1. Inzicht in de basis
* sluitertijd: De hoeveelheid tijd dat de sluiter van de camera open blijft, waardoor de sensor aan het licht wordt blootgesteld. Langzamere sluitertijden (bijv. 1/30 van een seconde of langzamer) laten meer licht in en vangingsbeweging als vervaging.
* diafragma: De opening in de lens die de hoeveelheid licht regelt die de camera binnenkomt. Een breder diafragma (kleiner F-nummer zoals f/2.8) laat meer licht binnen, zorgt voor een ondieper scherptediepte (wazige achtergrond).
* ISO: De gevoeligheid van de sensor van uw camera om te licht. Hogere ISO-waarden worden gebruikt in situaties met weinig licht, maar kunnen ruis (graan) in de afbeelding introduceren.
* Motion Blur: Het effect van een bewegend object dat in een afbeelding vervaagt vanwege de camera die zijn beweging vastlegt tijdens de belichting.
* omgevingslicht: Het bestaande licht in de scène (zonlicht, binnenverlichting, enz.)
2. Uitrusting die je nodig hebt
* DSLR of spiegelloze camera: Een camera met handmatige bedieningselementen voor sluitertijd, diafragma en ISO is essentieel.

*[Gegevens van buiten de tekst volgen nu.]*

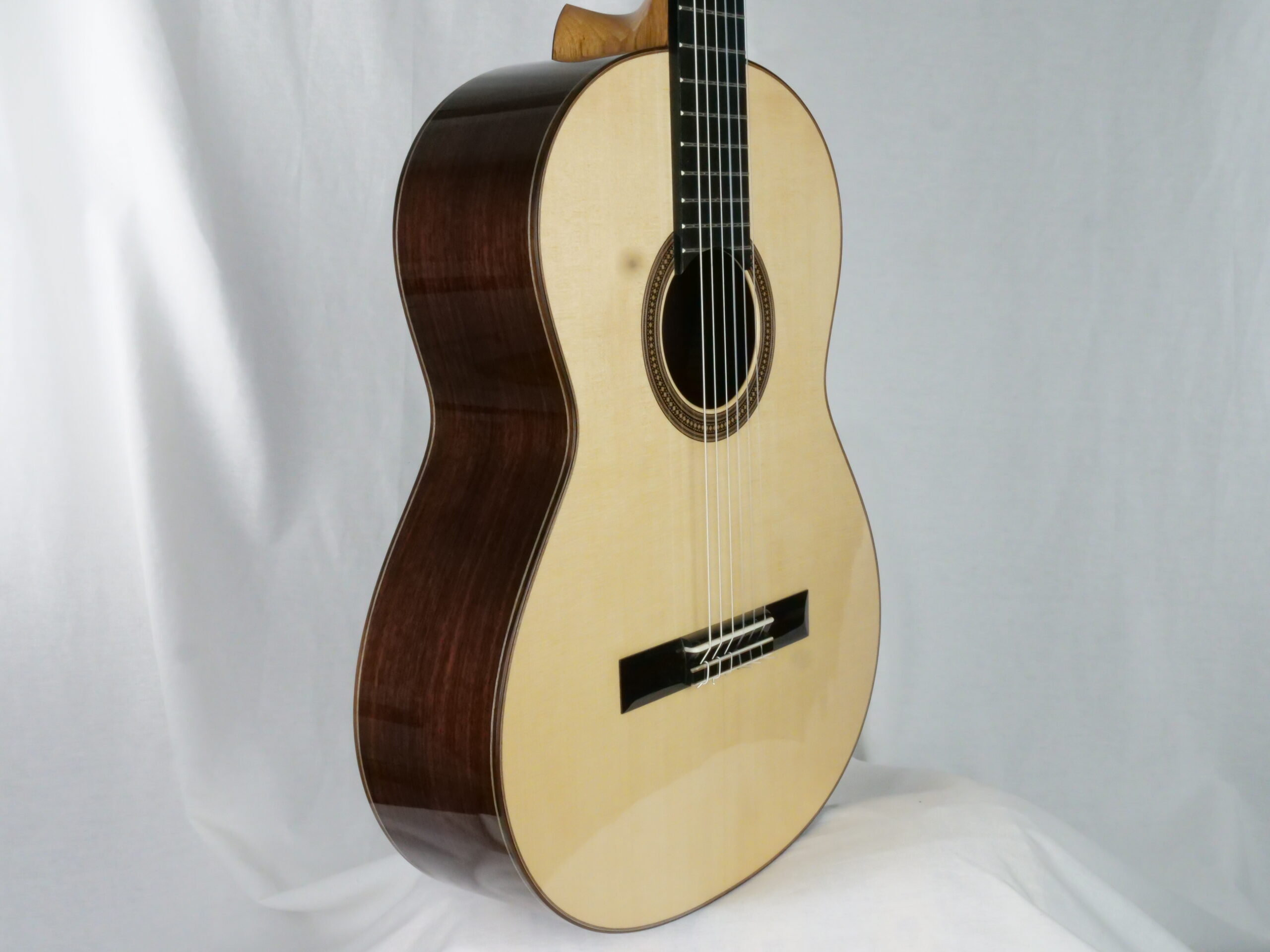 The cedar brings an punchy immediate sound and the mapple – which was the wood used by Antonio Torres and for all the violin – brings a certain complexity to the sound and some. warmness.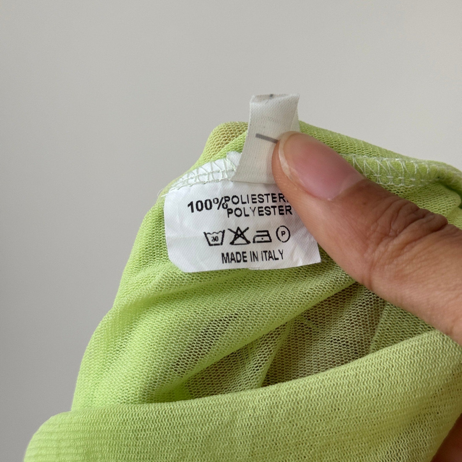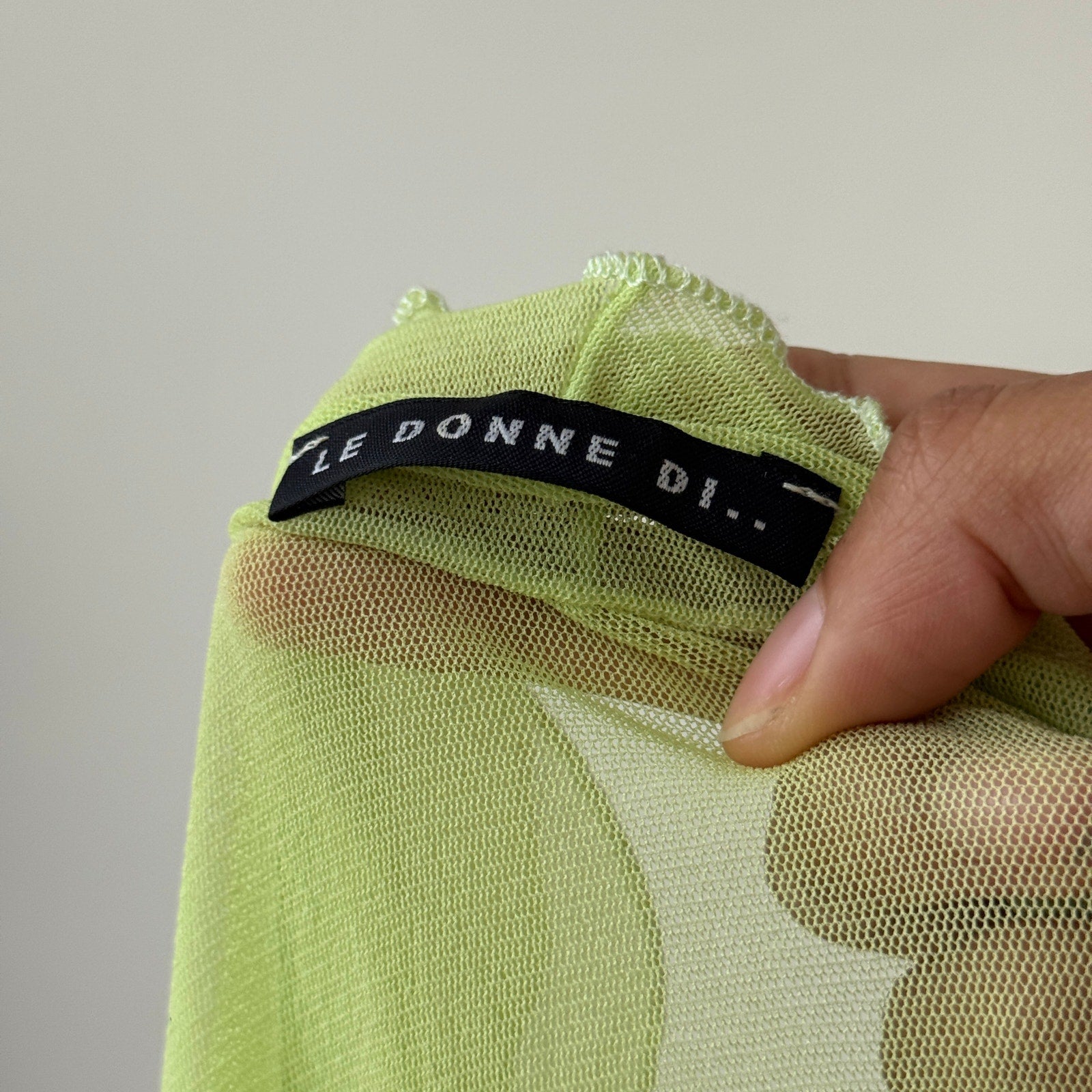 Delicate Italian-made mesh top in a soft lime hue, featuring a romantic ruffled neckline and sleeve edges with a fitted, semi-sheer silhouette. A rare early 2000s-inspired piece that adds a feminine yet playful touch.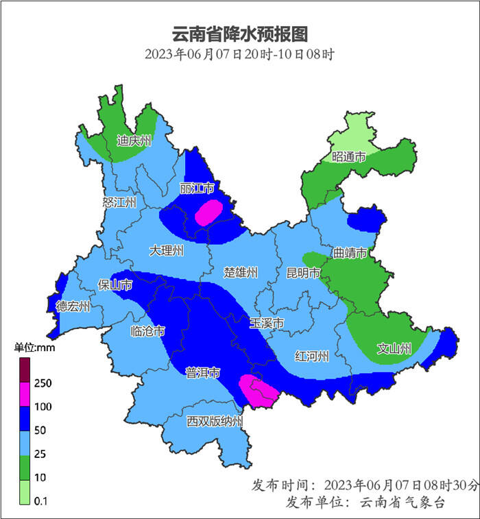 受弱冷空气和孟湾低压共同影响,6月7日夜间至9日,云南省将自东向西出现一次强降水天气过程。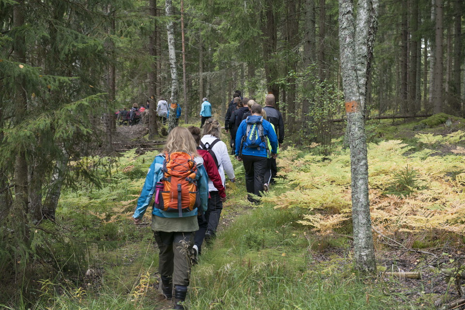 The trail is about 6.3 km and runs in mixed terrain on both forest paths and gravel roads. To find your way along the trail, follow the orange/black signs with the text "Anslutningsled Bruksleden". Keep in mind that some stretches of the connection trail are shared with MTB so show consideration for each other.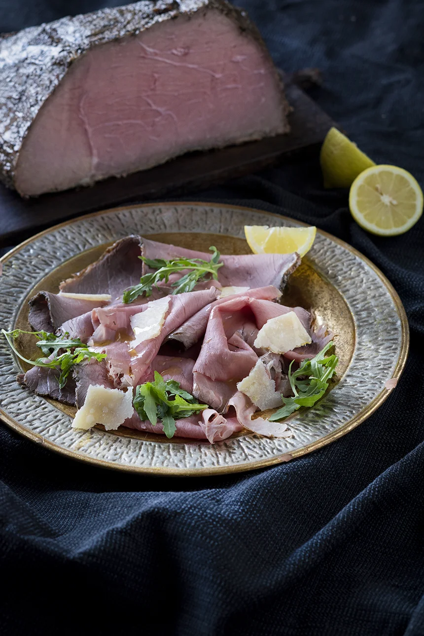 Fabriqué avec de la viande bovine fraîche (noix inférieure). Une fois salée et aromatisée, la viande repose pendant quelques jours dans la chambre froide Ensuite, elle est cuite au four dans de l’huile d’olive.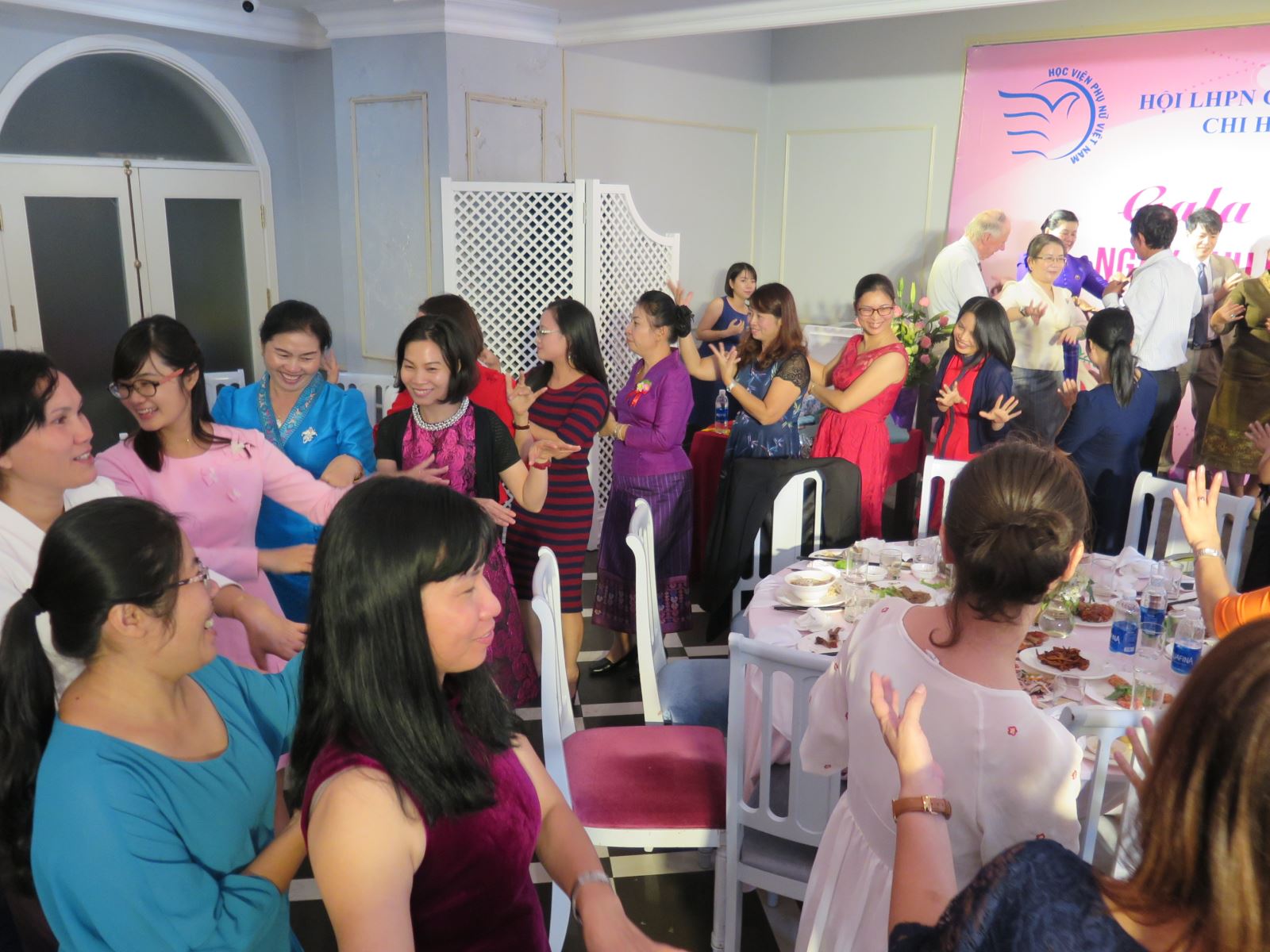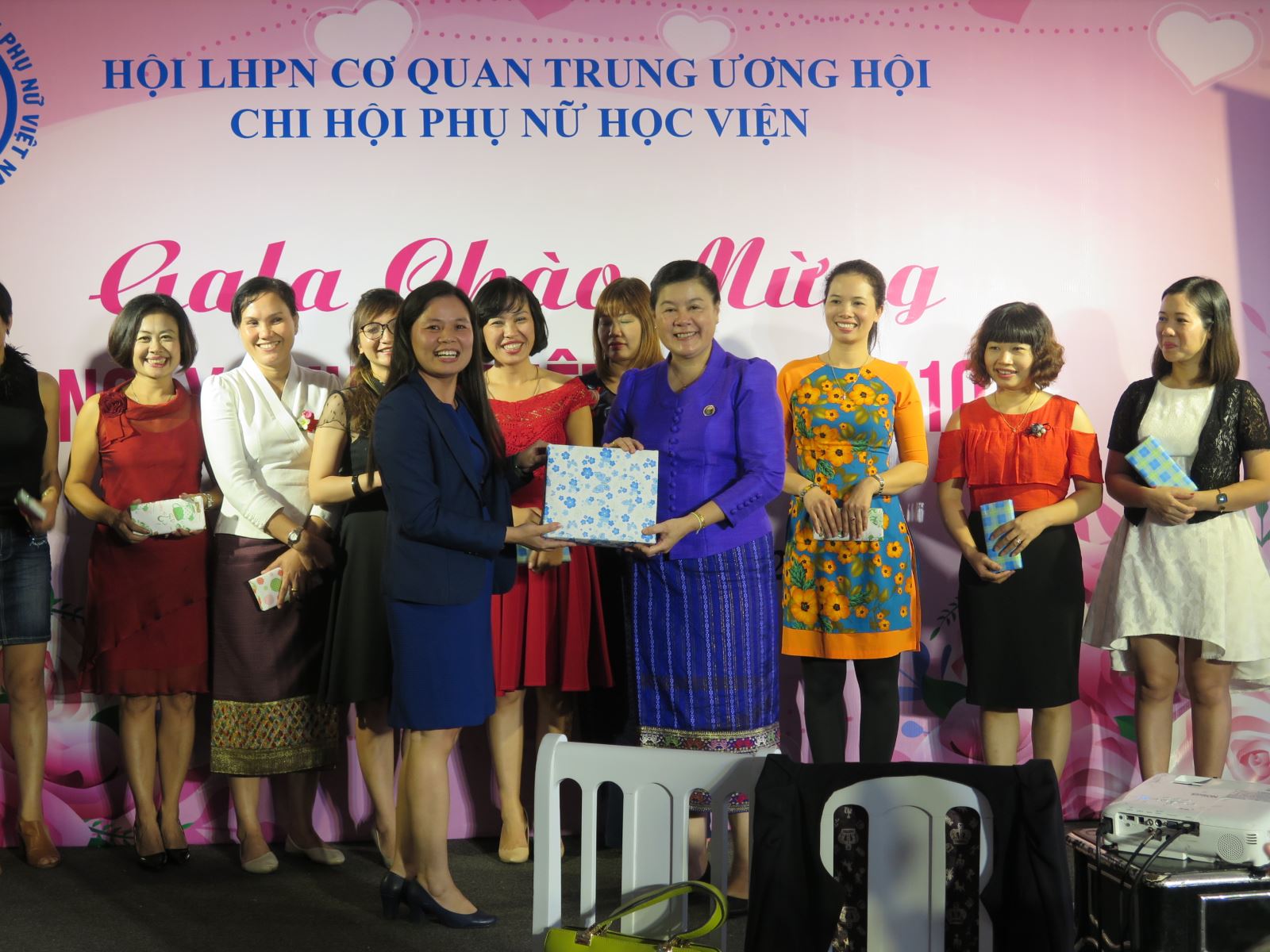 Các chị học viên Lào chúc mừng chị em học viện ngày 20/10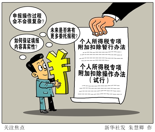 日前,《個人所得稅專項附加扣除暫行辦法》和《個人所得稅專項附加扣除操作辦法(試行)》正式公布。面對這項即將實施的惠民政策,很多人關心:申報操作過程是否會很復雜?如何保證信息真實性?委托報稅可否實現?“新華視點”記者采訪了權威人士、專家以及多地基層稅務人員,回應民生關切。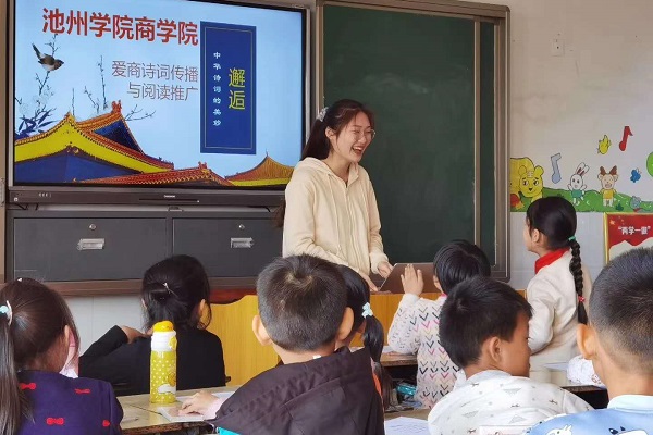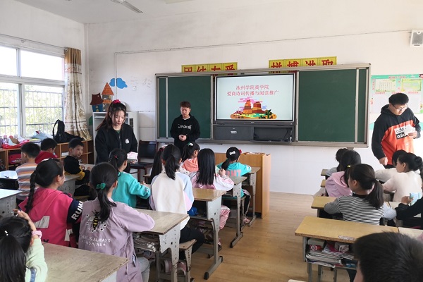 诗词传播活动中,志愿服务团带领小学生开展“励志诗词学习”活动。通过诗词旅行,感受祖国大好河山,培养孩子们的爱国情;通过讲述诗词趣事,励志诗词学习,激发留守儿童对诗词的兴趣,引导留守儿童在学习和生活中应用诗词,从诗词中汲取力量。课堂上,孩子们眨着一双双渴求知识的眼睛,积极讨论、抢答问题,师生亲密互动、气氛非常活跃。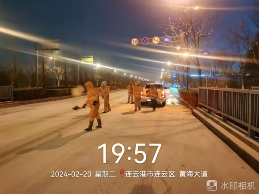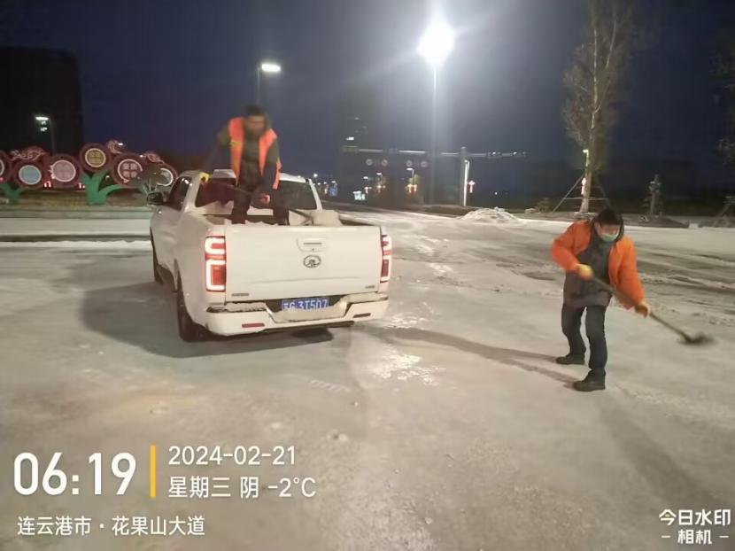 凌晨3點(diǎn),葛中仁、孫銀、薛興華、伏廣軍奮戰(zhàn)在花果山大道除雪現(xiàn)場(chǎng),由于冰凍嚴(yán)重、路面濕滑,工程車行進(jìn)過程中舉步維艱,他們互相配合、齊心協(xié)力,時(shí)刻關(guān)注路面情況,確保道路無積雪、無結(jié)冰。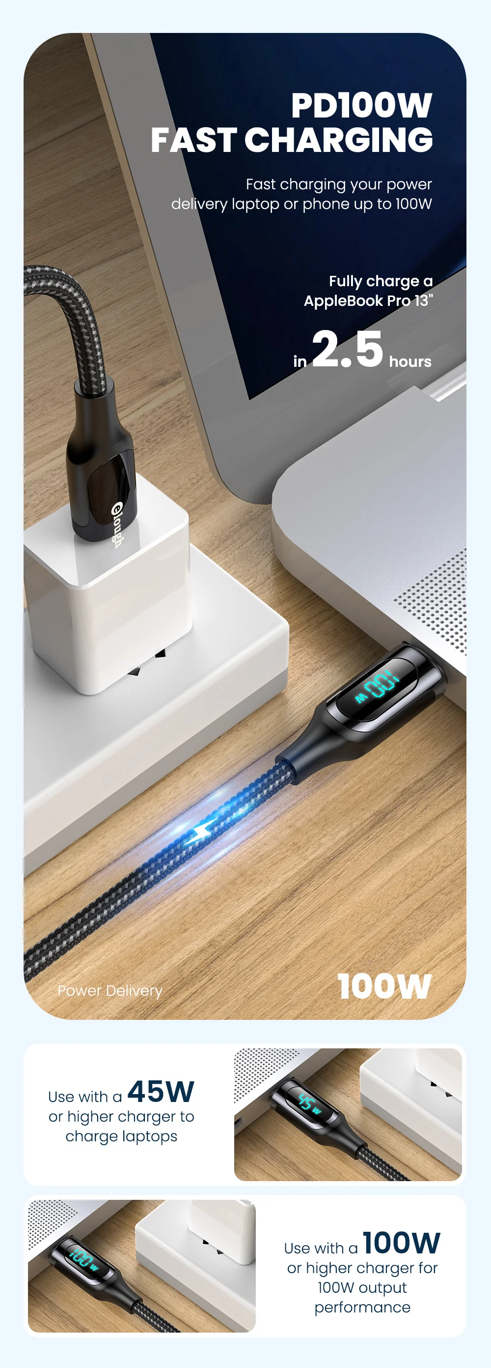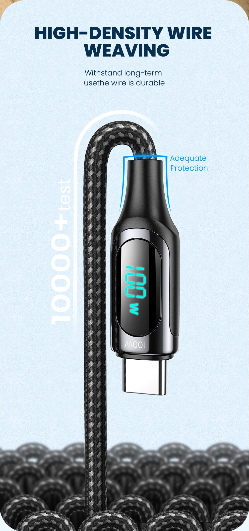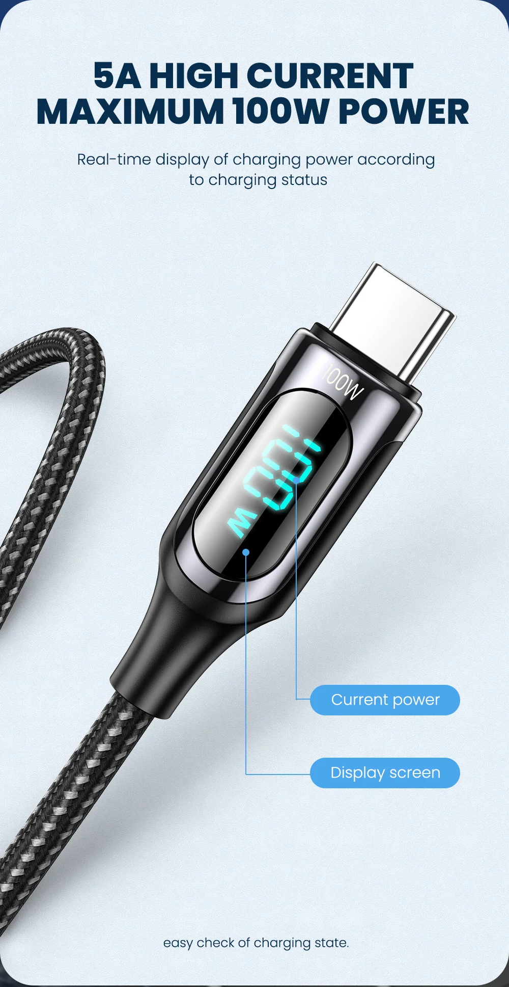 Cable PD con pantalla LED, potencia de carga en tiempo Real

* lens: Een lens met een breed diafragma (f/2.8 of breder) is nuttig om meer licht binnen te laten, vooral in dimmer omstandigheden en voor ondiepe scherptediepte. Een prime lens (zoals een 50 mm of 85 mm) is een goede keuze.
* statief (cruciaal voor bepaalde technieken): Een statief is cruciaal wanneer u een deel van de scène scherp wilt houden terwijl u het onderwerp of de camerabeweging vervaagt.
* externe flits (optioneel maar sterk aanbevolen): Door een flitser te gebruiken, kunt u uw onderwerp bevriezen terwijl de achtergrond vervaagt. Dit geeft een scherp portret met wazige beweging.
* Neutrale dichtheid (ND) filter (optioneel): Een ND -filter vermindert de hoeveelheid licht die de lens binnengaat, waardoor u lagere sluitertijden kunt gebruiken in heldere omstandigheden zonder de afbeelding te veel te blootstellen.
3. Het schot instellen
* Kies uw onderwerp: Een persoon natuurlijk. Overweeg hun houding en bewegingspotentieel (hun hoofd draaien, hun haar wervelen, dansen, enz.).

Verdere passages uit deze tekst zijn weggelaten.